(RECORD SET Opens)

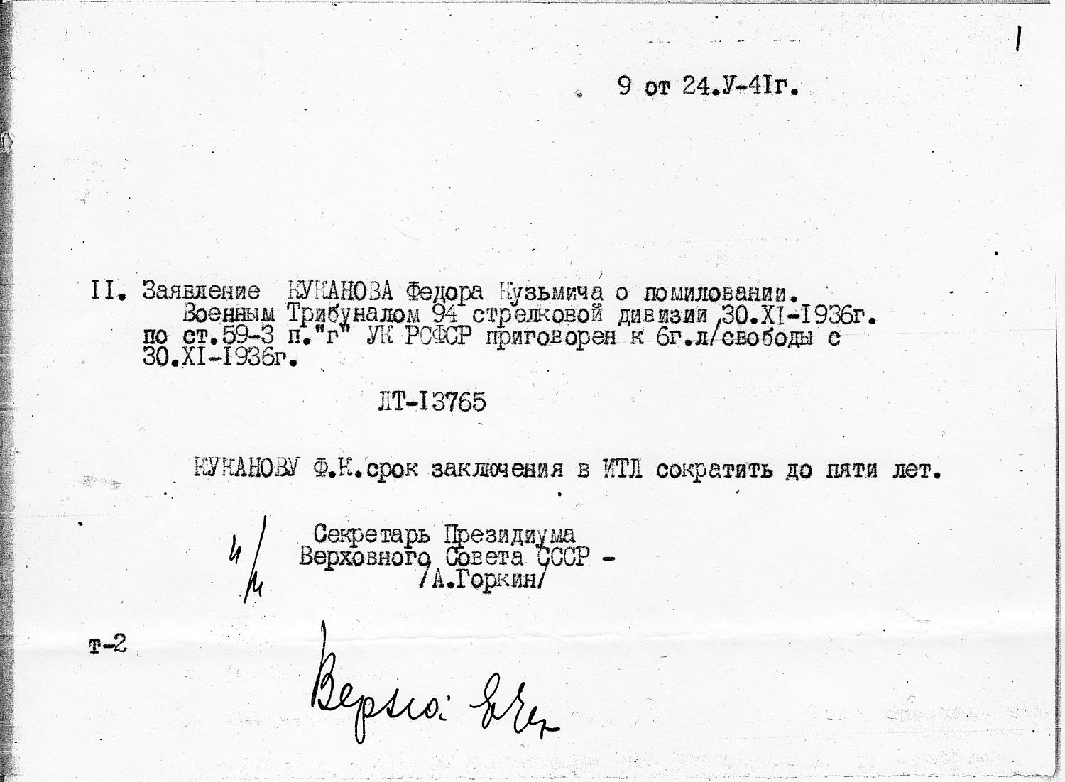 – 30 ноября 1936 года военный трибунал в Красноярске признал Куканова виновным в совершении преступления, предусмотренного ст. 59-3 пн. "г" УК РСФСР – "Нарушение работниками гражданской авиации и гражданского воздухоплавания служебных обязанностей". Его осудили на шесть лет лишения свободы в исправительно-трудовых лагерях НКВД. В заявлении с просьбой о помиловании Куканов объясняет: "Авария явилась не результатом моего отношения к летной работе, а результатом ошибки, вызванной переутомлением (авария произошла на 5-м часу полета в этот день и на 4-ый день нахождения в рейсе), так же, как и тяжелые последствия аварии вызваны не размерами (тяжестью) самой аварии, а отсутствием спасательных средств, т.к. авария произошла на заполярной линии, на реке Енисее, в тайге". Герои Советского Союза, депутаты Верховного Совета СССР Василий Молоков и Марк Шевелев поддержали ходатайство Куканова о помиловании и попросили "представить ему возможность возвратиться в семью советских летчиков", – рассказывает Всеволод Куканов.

(RECORD SET Closes)
(RECORD SET Opens)

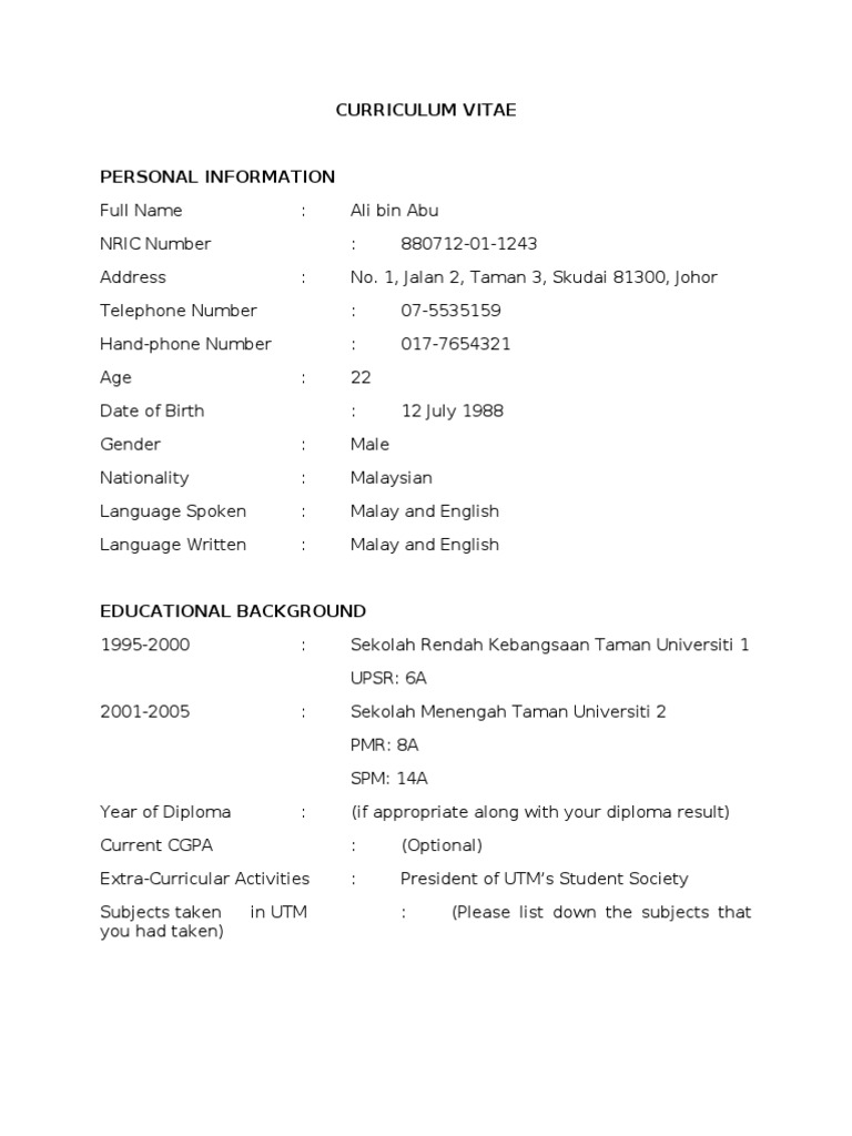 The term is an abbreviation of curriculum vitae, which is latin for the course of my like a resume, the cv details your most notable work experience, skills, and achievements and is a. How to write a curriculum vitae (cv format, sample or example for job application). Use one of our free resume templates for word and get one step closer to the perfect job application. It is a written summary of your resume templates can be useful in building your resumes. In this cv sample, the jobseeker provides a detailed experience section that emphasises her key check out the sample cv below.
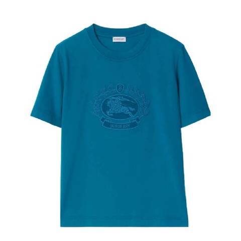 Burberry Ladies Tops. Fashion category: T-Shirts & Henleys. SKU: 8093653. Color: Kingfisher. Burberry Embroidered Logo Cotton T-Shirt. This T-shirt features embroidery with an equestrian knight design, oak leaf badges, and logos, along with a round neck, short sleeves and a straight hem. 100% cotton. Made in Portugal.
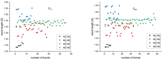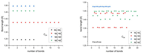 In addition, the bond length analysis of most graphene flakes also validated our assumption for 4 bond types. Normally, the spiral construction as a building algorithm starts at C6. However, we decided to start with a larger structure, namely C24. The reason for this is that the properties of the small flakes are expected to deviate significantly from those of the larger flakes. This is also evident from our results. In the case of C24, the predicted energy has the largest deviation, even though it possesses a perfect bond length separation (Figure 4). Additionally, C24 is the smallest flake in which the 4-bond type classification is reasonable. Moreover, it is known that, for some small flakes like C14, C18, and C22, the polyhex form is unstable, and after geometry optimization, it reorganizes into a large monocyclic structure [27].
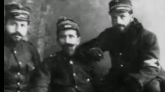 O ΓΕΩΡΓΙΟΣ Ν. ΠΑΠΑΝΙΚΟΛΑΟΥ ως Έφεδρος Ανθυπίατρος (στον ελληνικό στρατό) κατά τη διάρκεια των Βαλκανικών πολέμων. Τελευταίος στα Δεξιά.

(RECORD SET Closes)

| GOAL OF THE EXERCISE |
Range to copy from the listing above: the line containing "In addition, the" down to the line containing "O ΓΕΩΡΓΙΟΣ Ν.", both included. Reproduce it exactly, minus the pictures, and add nothing.

| EXPECTED OUTPUT |
 In addition, the bond length analysis of most graphene flakes also validated our assumption for 4 bond types. Normally, the spiral construction as a building algorithm starts at C6. However, we decided to start with a larger structure, namely C24. The reason for this is that the properties of the small flakes are expected to deviate significantly from those of the larger flakes. This is also evident from our results. In the case of C24, the predicted energy has the largest deviation, even though it possesses a perfect bond length separation (Figure 4). Additionally, C24 is the smallest flake in which the 4-bond type classification is reasonable. Moreover, it is known that, for some small flakes like C14, C18, and C22, the polyhex form is unstable, and after geometry optimization, it reorganizes into a large monocyclic structure [27].
 O ΓΕΩΡΓΙΟΣ Ν. ΠΑΠΑΝΙΚΟΛΑΟΥ ως Έφεδρος Ανθυπίατρος (στον ελληνικό στρατό) κατά τη διάρκεια των Βαλκανικών πολέμων. Τελευταίος στα Δεξιά.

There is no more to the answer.